Thomas VanDrunen, Ph.D.

Associate Professor of Computer Science
On Faculty since 2004

Phone: (630)752-5692


Ph.D. Computer Science, Purdue University, 2004

M.S. Computer Science, Purdue University, 2000

B.S. Computer Science and Mathematics, Calvin College, 1998

About Thomas VanDrunen

Personal site >>

Since coming to Wheaton, most of my work has been in teaching programming, whether an introductory course for beginners, an intermediate course in software development, or advanced courses in programming languages or algorithm design. I also teach a course that intertwines the topics of programming and discrete mathematics, for which I am composing a textbook. My research interests are programming languages, compilers, and computational linguistics.

My family and I live in Wheaton, a couple blocks from the college. We attend Bethel Presbyterian Church (OPC) in Wheaton, where I teach junior high Sunday school. I enjoy reading New Testament Greek.

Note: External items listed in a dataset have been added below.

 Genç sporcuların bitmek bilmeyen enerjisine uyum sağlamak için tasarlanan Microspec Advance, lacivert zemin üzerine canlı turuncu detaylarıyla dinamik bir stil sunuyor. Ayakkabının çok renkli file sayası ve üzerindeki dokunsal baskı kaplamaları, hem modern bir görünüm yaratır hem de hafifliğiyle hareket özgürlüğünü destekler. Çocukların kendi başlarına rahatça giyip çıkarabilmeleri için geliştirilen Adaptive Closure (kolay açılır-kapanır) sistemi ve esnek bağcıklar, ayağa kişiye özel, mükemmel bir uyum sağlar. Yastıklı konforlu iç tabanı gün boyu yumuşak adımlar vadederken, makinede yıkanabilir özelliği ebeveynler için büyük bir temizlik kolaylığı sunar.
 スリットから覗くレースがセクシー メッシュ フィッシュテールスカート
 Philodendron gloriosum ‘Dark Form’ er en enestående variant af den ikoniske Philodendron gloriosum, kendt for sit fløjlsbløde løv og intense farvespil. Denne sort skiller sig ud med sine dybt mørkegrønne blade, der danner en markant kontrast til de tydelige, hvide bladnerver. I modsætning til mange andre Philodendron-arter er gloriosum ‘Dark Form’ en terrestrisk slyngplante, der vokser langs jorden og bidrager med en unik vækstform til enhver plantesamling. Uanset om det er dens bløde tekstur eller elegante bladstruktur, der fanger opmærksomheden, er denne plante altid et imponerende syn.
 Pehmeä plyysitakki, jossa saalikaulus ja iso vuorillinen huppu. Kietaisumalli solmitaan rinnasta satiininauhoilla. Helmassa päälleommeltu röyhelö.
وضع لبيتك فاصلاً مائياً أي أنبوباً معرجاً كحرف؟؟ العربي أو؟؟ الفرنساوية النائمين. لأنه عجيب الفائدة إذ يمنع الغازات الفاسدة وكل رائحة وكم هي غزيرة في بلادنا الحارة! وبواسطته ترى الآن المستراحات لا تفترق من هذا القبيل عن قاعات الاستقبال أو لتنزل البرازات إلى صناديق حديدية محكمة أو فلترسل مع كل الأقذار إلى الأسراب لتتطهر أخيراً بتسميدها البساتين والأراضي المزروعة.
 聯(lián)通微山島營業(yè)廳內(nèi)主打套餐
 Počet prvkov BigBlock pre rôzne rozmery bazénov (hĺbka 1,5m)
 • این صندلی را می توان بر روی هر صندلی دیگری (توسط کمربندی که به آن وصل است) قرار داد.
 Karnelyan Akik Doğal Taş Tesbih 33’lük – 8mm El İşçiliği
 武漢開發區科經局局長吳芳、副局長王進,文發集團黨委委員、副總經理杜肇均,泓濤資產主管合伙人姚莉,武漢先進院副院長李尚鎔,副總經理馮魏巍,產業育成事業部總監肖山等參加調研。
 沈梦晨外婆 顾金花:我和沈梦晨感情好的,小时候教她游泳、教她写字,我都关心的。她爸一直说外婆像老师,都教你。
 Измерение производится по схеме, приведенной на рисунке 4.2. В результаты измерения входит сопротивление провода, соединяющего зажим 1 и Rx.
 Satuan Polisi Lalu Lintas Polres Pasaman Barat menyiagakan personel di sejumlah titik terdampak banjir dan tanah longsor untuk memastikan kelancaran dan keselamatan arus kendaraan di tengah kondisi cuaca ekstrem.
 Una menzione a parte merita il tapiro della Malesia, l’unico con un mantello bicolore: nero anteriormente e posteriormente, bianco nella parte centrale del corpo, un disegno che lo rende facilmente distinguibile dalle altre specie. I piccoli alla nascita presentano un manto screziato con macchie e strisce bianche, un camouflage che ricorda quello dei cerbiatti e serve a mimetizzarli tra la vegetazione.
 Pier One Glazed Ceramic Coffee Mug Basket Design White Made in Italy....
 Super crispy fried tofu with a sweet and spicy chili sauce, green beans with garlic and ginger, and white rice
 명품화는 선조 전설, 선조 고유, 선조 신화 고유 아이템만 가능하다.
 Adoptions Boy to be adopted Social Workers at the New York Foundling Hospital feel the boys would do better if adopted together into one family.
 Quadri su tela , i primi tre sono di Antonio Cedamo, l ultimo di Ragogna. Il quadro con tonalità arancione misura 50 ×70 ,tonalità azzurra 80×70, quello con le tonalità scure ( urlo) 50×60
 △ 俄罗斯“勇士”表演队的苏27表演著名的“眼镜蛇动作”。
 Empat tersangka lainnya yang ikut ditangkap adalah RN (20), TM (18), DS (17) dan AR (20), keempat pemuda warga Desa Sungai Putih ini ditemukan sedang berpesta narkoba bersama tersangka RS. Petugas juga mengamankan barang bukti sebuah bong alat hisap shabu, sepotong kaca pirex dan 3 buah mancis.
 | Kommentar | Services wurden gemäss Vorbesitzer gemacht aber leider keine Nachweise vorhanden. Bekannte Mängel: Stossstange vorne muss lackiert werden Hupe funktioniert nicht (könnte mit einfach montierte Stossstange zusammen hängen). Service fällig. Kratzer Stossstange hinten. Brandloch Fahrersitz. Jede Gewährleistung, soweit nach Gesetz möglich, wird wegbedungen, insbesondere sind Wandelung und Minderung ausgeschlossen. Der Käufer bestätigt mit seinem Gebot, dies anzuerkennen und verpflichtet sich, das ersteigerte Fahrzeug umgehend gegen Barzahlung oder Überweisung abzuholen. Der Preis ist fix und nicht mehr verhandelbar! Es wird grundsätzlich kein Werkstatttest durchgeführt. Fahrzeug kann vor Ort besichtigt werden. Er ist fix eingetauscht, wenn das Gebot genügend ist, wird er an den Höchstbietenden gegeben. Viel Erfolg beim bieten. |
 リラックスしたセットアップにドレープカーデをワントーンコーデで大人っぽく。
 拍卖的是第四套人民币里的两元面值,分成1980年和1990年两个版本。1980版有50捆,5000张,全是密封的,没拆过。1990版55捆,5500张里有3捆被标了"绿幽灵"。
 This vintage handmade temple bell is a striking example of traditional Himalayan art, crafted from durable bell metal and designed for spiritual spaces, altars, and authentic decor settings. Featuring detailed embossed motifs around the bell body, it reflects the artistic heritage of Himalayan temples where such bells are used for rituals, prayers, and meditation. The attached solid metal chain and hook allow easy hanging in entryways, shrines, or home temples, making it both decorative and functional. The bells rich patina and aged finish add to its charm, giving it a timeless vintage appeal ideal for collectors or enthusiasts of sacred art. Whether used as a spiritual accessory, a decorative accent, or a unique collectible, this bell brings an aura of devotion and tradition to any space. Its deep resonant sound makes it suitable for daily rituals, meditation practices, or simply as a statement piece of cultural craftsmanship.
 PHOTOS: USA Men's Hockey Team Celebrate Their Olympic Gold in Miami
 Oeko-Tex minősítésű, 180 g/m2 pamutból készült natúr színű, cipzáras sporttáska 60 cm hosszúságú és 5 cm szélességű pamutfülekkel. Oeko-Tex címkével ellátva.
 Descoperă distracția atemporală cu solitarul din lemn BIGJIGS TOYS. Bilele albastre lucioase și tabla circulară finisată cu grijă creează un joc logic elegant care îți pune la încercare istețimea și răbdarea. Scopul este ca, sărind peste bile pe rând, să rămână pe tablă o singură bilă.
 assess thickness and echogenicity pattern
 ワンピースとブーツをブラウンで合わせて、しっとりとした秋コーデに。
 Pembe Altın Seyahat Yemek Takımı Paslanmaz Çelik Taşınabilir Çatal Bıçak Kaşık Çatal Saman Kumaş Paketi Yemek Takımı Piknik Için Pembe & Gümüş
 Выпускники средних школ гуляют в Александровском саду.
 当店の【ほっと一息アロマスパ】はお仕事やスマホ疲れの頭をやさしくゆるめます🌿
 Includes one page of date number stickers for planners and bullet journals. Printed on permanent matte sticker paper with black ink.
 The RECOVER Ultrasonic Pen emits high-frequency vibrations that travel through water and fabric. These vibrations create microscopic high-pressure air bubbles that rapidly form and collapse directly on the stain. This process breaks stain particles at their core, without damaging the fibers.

Why I Like Computer Science

Computer science provides the right balance between theory and practice. Computer science poses questions that are essentially specialized math problems and requires building software and systems. In my research on programming languages, I prove theorems about a language's properties or the correctness of transformations on a program. I also build compilers and interpreters for the languages. Both abstract reasoning and concrete problem-solving are necessary.

Courses Taught at Wheaton

  • CSCI 235 Programming I: Problem Solving
  • CSCI 243 Discrete Mathematics
  • CSCI 245 Programming II: Object-Oriented Design
  • CSCI 335 Software Development
  • CSCI 365 Programming Languages
  • CSCI 445 Analysis of Algorithms
  • CSCI 494 Social and Ethical Issues

Professional Activities

  • "Java Interfaces in CS 1 Textbooks", paper presented at the Educators' Symposium at OOPLSA 2006, Portland, Oregon, October 2006.
  • "Value-Based Partial Redundancy Elimination", paper presented at the International Conference on Compiler Construction, Barcelona, Spain, March 2004.
  • "Why You Should or Should Not Go to Graduate School", talk at Calvin College computer science student organization, October 2003. 

Research Areas

  • General areas include programming languages, compilers, software engineering, design patterns.
  • Specific projects include partial redundancy elimination for global value numbering and visitor-oriented programming.